*** Opening of Provided data ***
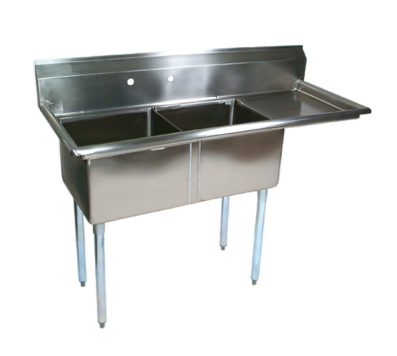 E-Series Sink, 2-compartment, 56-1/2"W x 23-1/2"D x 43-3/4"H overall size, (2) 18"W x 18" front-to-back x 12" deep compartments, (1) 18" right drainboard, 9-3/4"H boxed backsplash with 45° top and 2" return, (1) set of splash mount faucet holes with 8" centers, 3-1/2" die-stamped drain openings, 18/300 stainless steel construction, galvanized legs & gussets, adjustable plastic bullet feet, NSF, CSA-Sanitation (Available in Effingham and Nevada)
*** Close of Provided data ***
*** Opening of Provided data ***
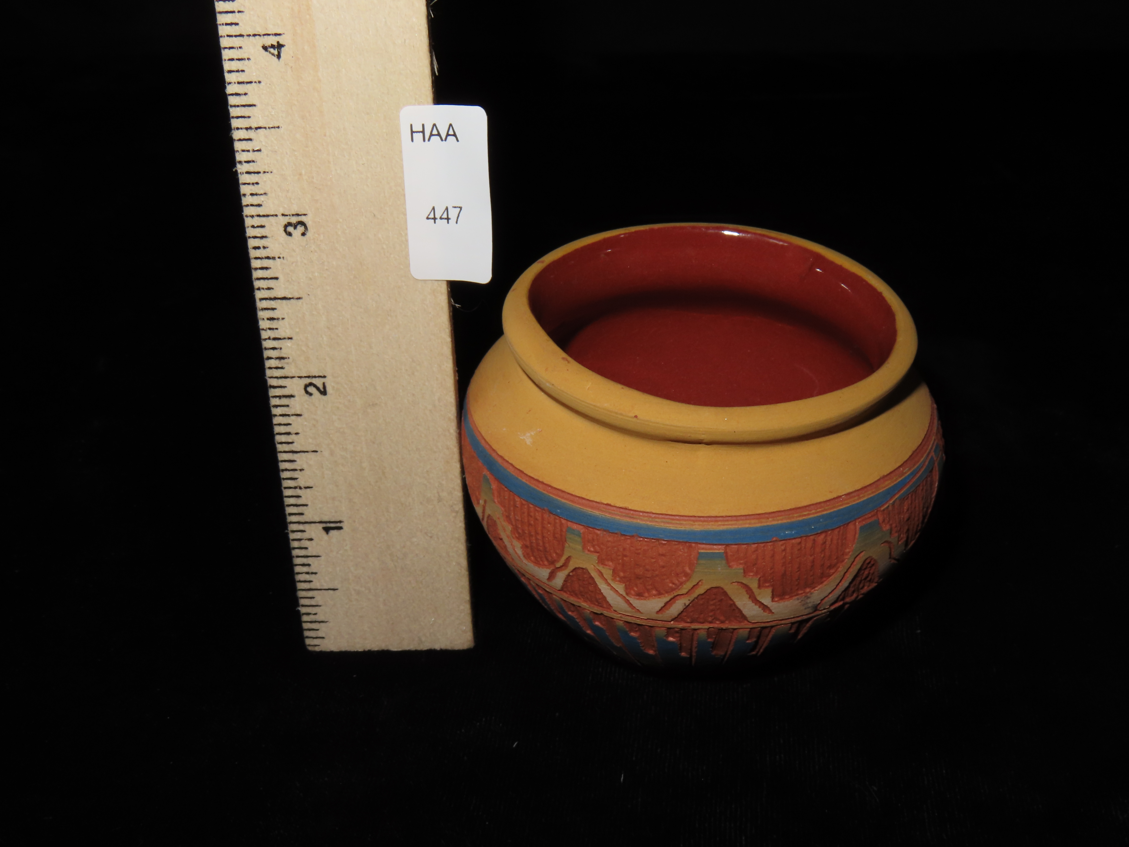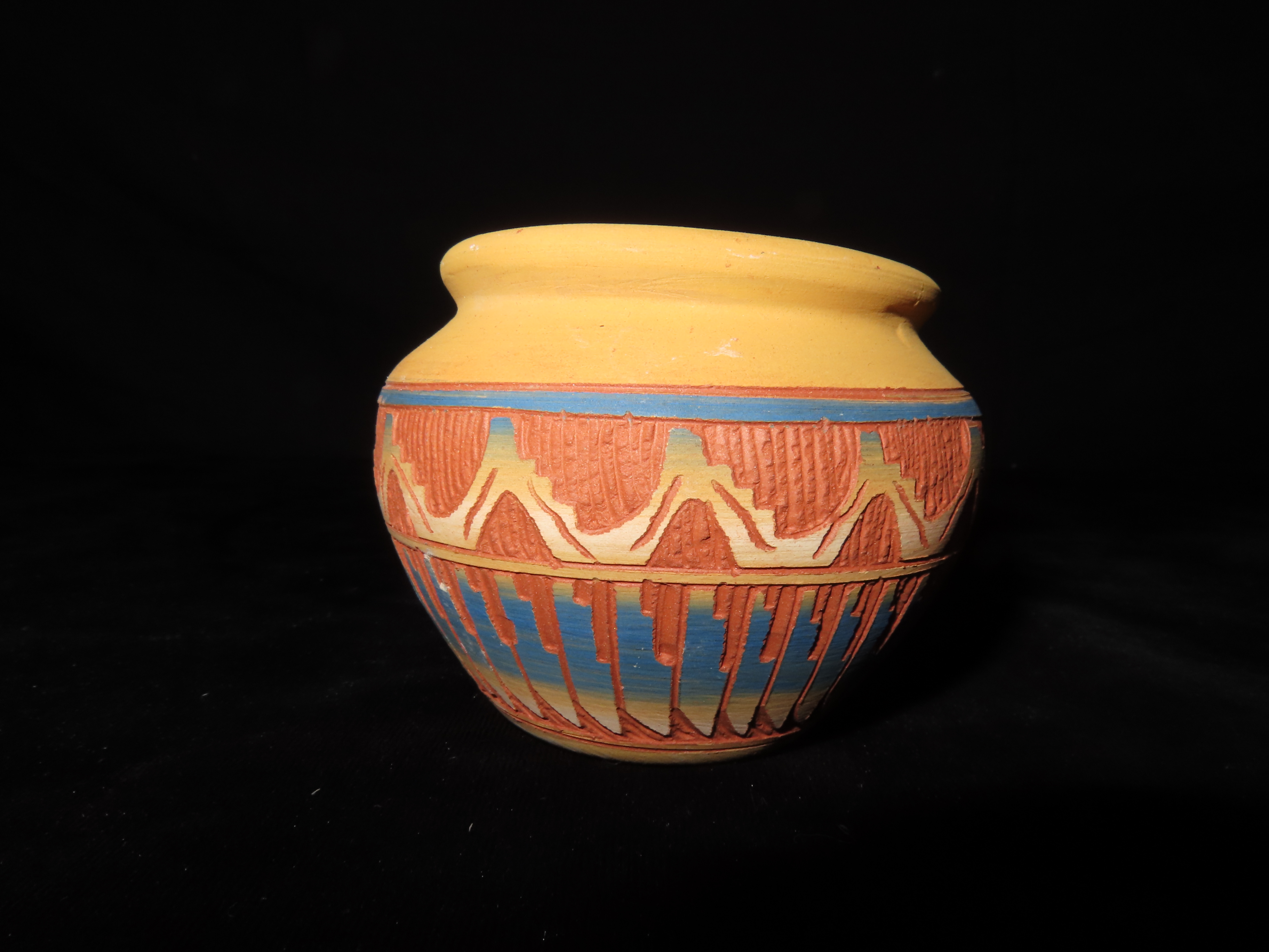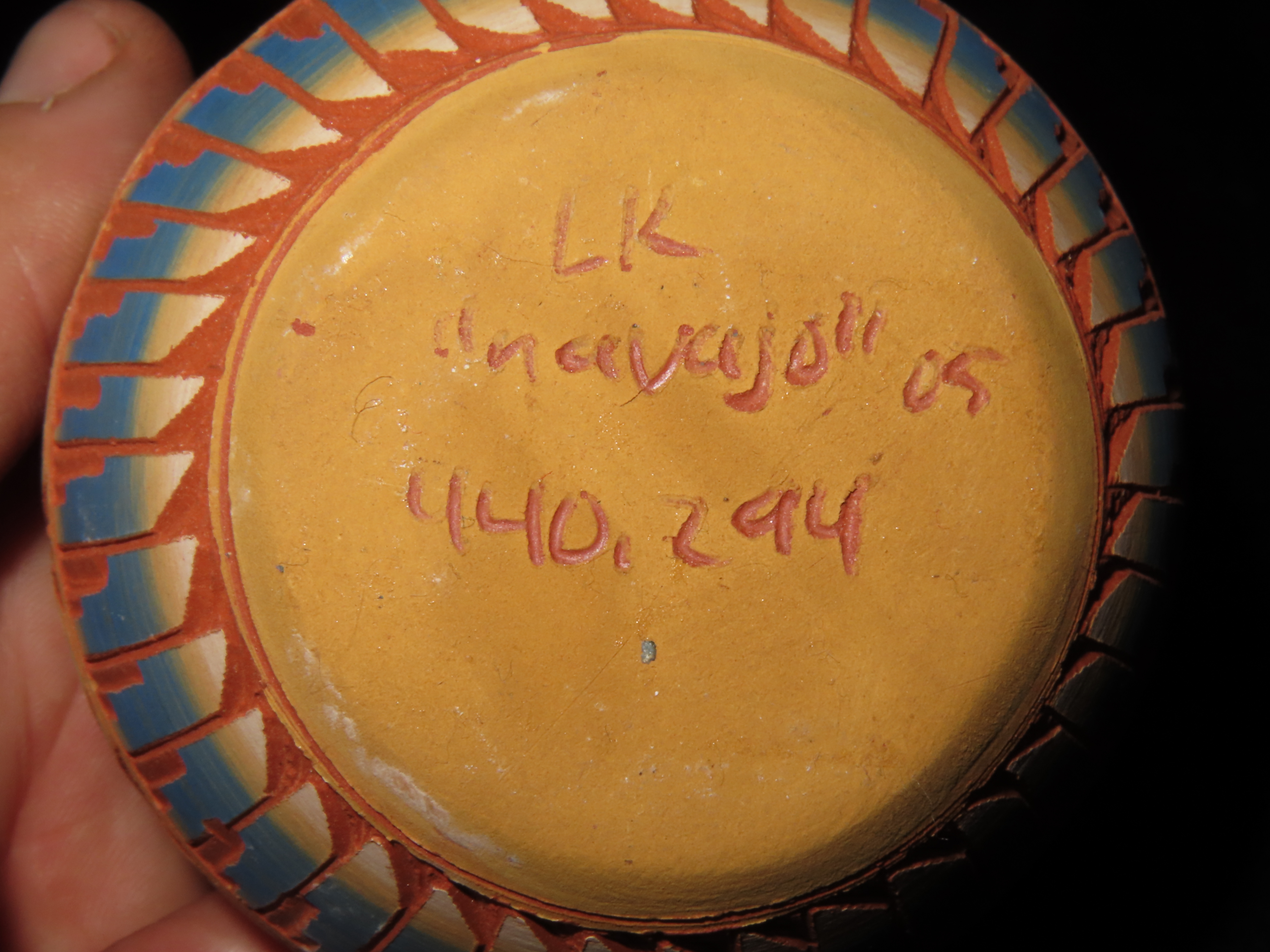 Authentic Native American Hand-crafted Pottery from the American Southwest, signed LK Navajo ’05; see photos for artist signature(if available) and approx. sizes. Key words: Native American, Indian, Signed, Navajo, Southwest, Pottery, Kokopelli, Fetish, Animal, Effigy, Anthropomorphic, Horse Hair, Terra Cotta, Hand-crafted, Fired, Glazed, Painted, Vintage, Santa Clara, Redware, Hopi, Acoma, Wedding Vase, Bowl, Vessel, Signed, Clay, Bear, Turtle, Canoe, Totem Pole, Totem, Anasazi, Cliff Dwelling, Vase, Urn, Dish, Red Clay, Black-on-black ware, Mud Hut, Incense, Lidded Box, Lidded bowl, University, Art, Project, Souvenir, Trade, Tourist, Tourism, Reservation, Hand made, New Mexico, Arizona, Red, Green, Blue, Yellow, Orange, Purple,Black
*** Close of Provided data ***
*** Opening of Provided data ***
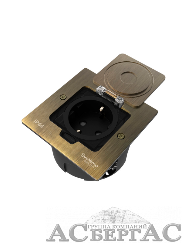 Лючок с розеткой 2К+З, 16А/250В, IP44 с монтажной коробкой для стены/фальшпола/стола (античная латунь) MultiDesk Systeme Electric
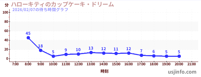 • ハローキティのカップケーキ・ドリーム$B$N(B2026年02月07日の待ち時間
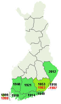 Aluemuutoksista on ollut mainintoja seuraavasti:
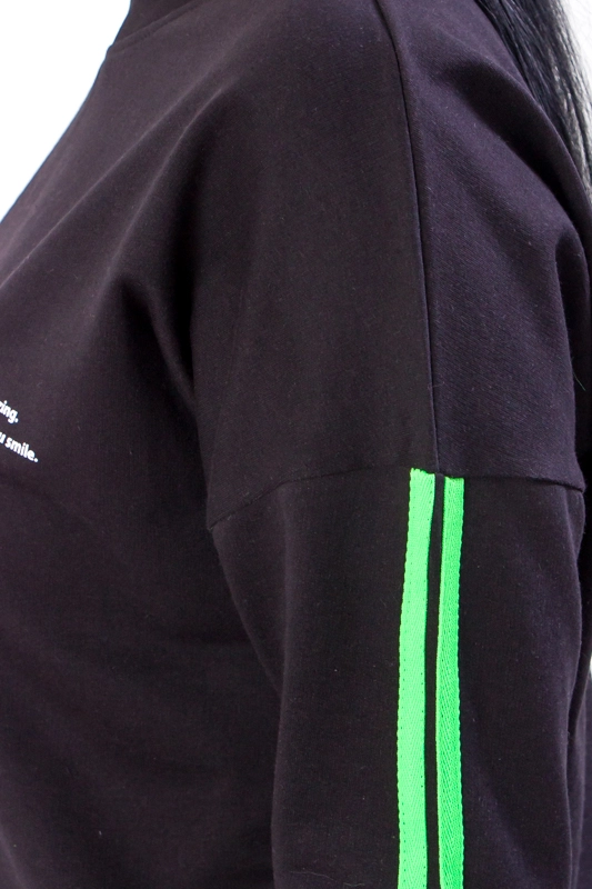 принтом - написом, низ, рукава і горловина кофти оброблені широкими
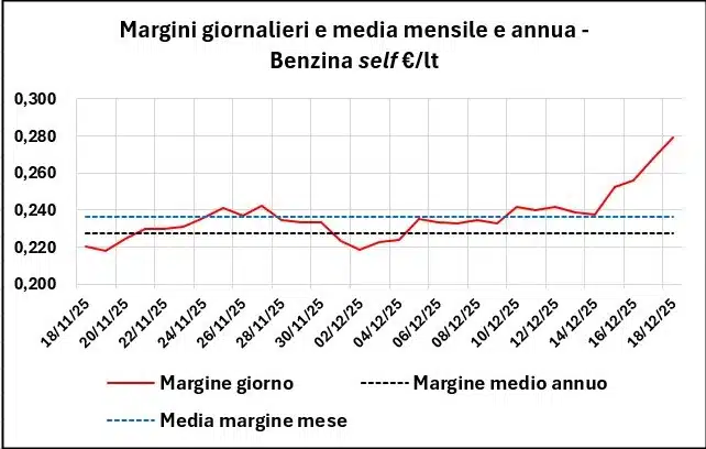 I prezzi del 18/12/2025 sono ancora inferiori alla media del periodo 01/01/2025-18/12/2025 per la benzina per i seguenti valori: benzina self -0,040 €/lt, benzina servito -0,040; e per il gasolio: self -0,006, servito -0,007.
*** Close of Provided data ***
Above are the records; copy exactly the lines from the one with "Aluemuutoksista on ollut" through the one with "I prezzi del", including both, and nothing more. Leave out pictures.

 Aluemuutoksista on ollut mainintoja seuraavasti:
 принтом - написом, низ, рукава і горловина кофти оброблені широкими
 I prezzi del 18/12/2025 sono ancora inferiori alla media del periodo 01/01/2025-18/12/2025 per la benzina per i seguenti valori: benzina self -0,040 €/lt, benzina servito -0,040; e per il gasolio: self -0,006, servito -0,007.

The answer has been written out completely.